His argumentation about the working of mp3 goes like this: If you work with 320cbr you use 160kbps to save one channel, and the other 160kbps to save the difference between the other channel. But it will never be more than 160kbps per channel. So he says with VBR this restriction doesn't exist. So if the channels are pretty much the same it uses more than 160kbps for one channel, and the rest to encode the difference between the two.

In my understanding he's doing some mixup between vbr and joint stereo...

My question now is, how does the encoding in cbr or vbr really work? As far as i understand 320cbr would give you 160 per channel on every sample. Is vbr really able to give one channel more than 160kbps? And wouldn't joint stereo affect the two methods in the same way?
 
Jul 31, 2008 at 11:46 PM Post #2 of 10
the audible difference between 320 kbps mp3 and VBR -v0 mp3 are none except that VBR uses less room.

While 320 kbps mp3 gives 160 kbps each channel all the time, VBR only gives the bitrate needed for that channel at that time.
Audible different = zero. Both ar eone and the same but VBR's better as it uses less filespace.

I'd, if you can, encode in Ogg Vorbis tbh as it's a much much better true VBR algorithim and sounds better at lower bitrates. What I mean is Vorbis -q6 (@~192 kbps) sound sbetter than 320kbps mp3.
 
Aug 1, 2008 at 12:11 AM Post #3 of 10
Quote:

Originally Posted by chinesekiwi /img/forum/go_quote.gif
the audible difference between 320 kbps mp3 and VBR -v0 mp3 are none except that VBR uses less room.

While 320 kbps mp3 gives 160 kbps each channel all the time, VBR only gives the bitrate needed for that channel at that time.
Audible different = zero. Both ar eone and the same but VBR's better as it uses less filespace.

I'd, if you can, encode in Ogg Vorbis tbh as it's a much much better true VBR algorithim and sounds better at lower bitrates. What I mean is Vorbis -q6 (@~192 kbps) sound sbetter than 320kbps mp3.



You forget to mention that this is all in your experience and opinion.

I do prefer v0, for filespace savings and I personally haven't ABX'd it from a 320cbr version yet (though I personally use FLAC, for archival purposes). But I would not try to suggest that it is of exactly the same quality as 320kbps cbr. v0 averages only around 225kbps (can't remember the exact figure), i.e. it cannot store the same amount of detail.
 
Aug 1, 2008 at 1:12 AM Post #4 of 10
Quote:

Originally Posted by vegaman /img/forum/go_quote.gif
You forget to mention that this is all in your experience and opinion.

I do prefer v0, for filespace savings and I personally haven't ABX'd it from a 320cbr version yet (though I personally use FLAC, for archival purposes). But I would not try to suggest that it is of exactly the same quality as 320kbps cbr. v0 averages only around 225kbps (can't remember the exact figure), i.e. it cannot store the same amount of detail.

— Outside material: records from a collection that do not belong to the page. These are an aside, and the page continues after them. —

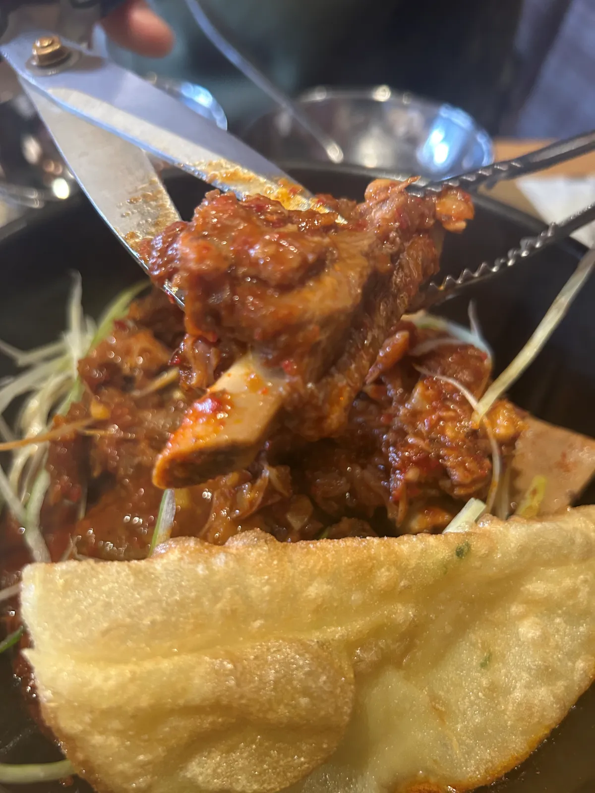 - 갈비찜이 나오면 갈비와 살을 분리해서 먹기 좋은 크기로 자르기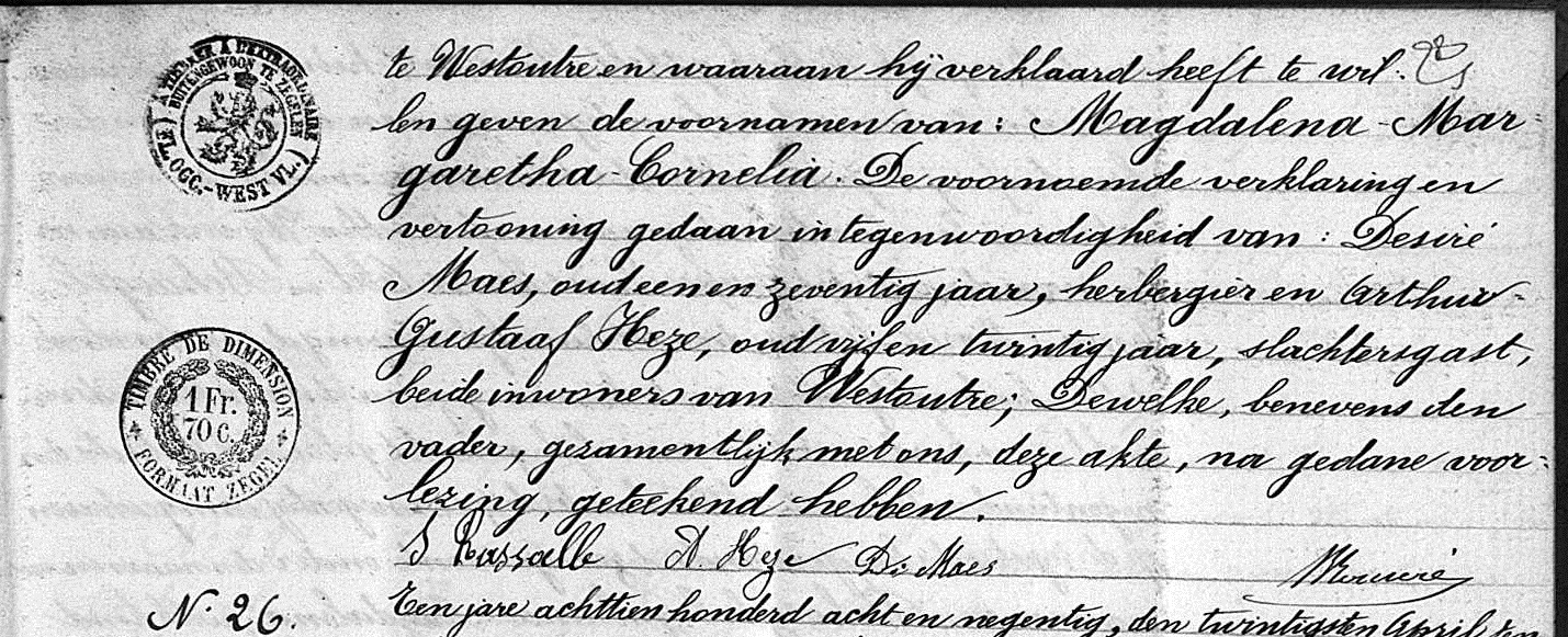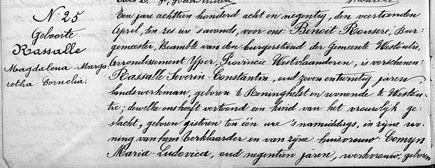 Geboorteakte te Westouter, WV, BE (Bron [358])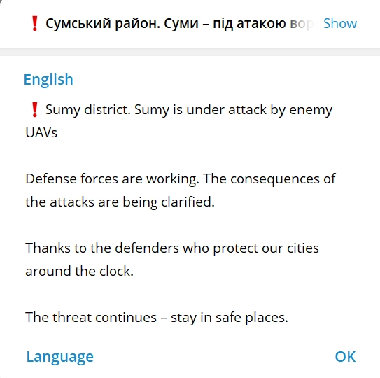 A administração militar regional de Sumy postou avisos para procurar abrigo no telegrama.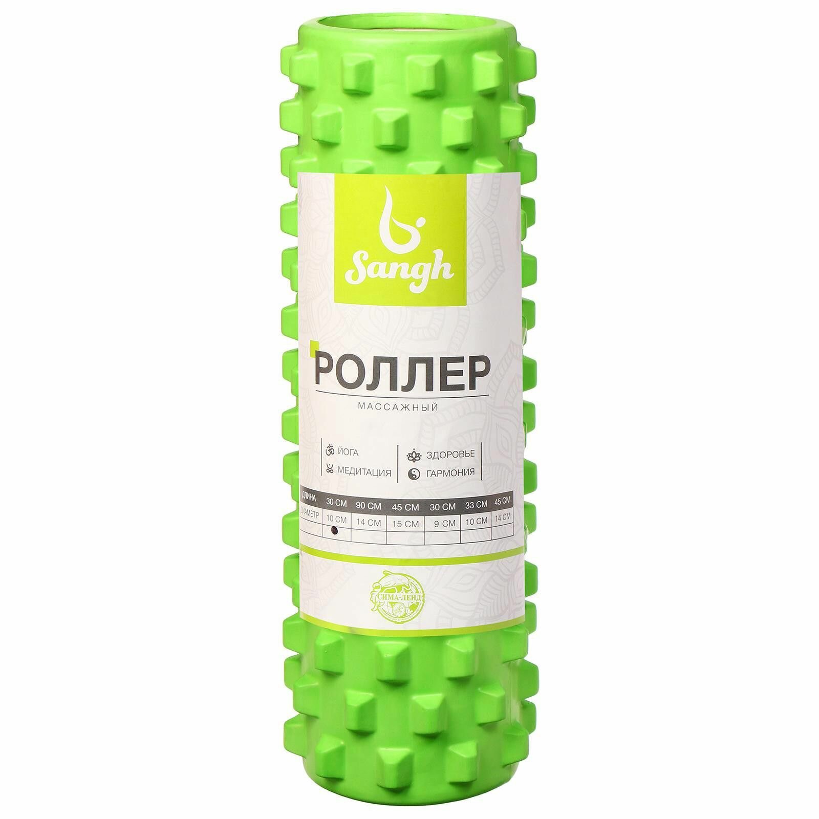 Ролик массажный Sangh, 45х15 см, цвет зелёный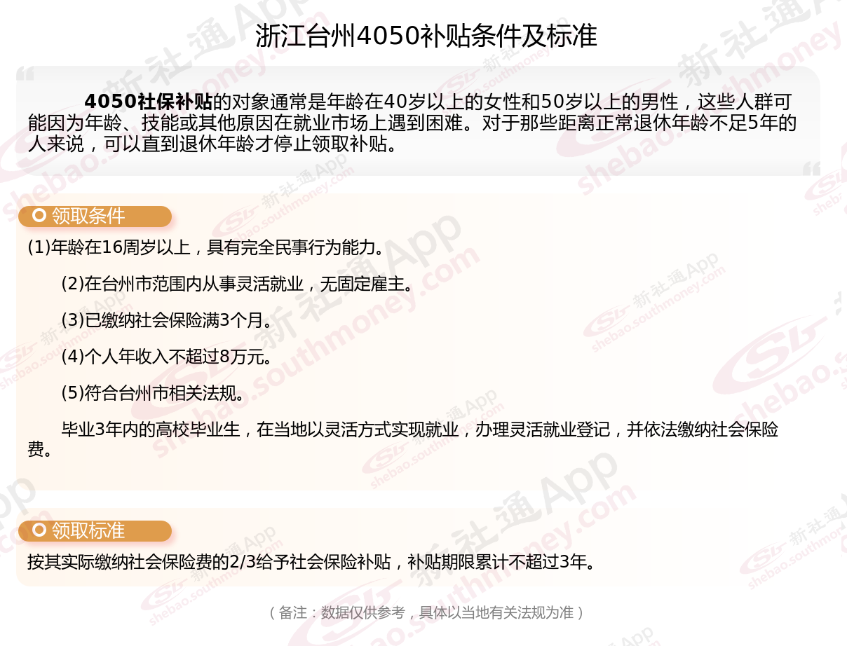 2025浙江台州灵活就业4050社保补贴是一项面向特定年龄段的就业困难人群的社会保险补贴。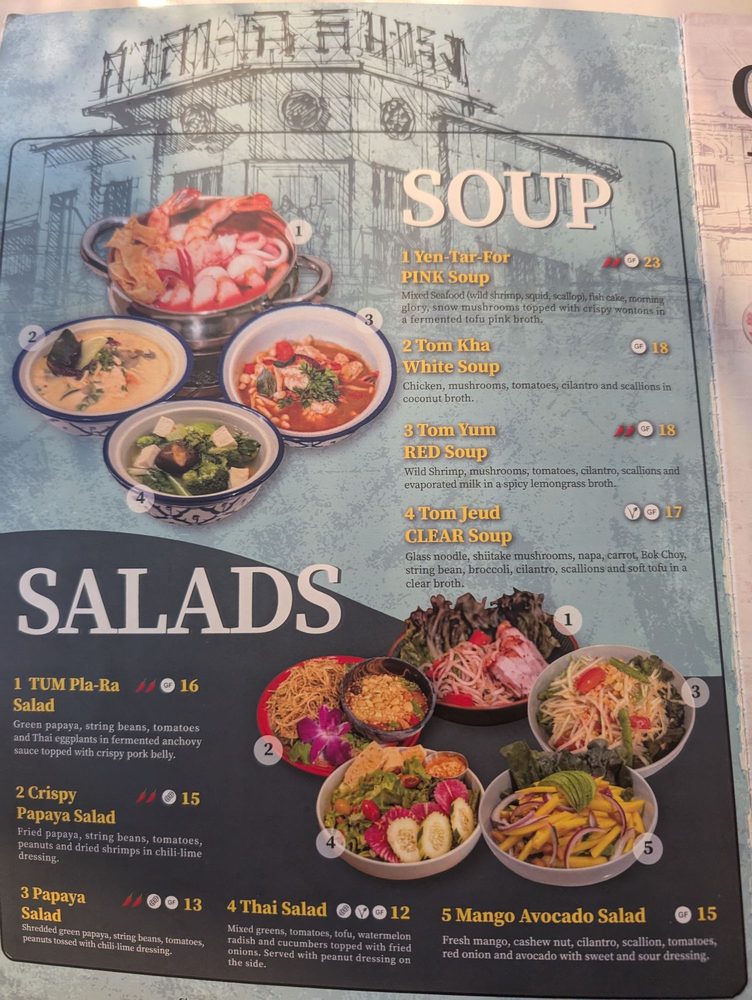 Green papaya, string beans, tomatoes, Thai eggplants in fermented anchovy sauce with crispy pork belly.

See a couple of threads down 'LAME vs. Vorbis @ 210-250 kbps VBR' for opinions aobut Vorbis and how it's better than LAME mp3.
Anyway, it's ~245 kbps and is exactly the same as 320. I've encoded -v0 mp3 with 95% of time, the bitrate is 250 kbps+ (Public Enemy's 'Welcome To The Terrordome').

The '~' rating doesn't mean too much with VBR mp3 while in Vorbis, it's more exact.
 
Aug 1, 2008 at 5:47 AM Post #5 of 10
Thanks for the answers so far. But this is not strictly about the audible difference, or what format to use. This is really more about the technical differences when encoding in 320cbr or v0.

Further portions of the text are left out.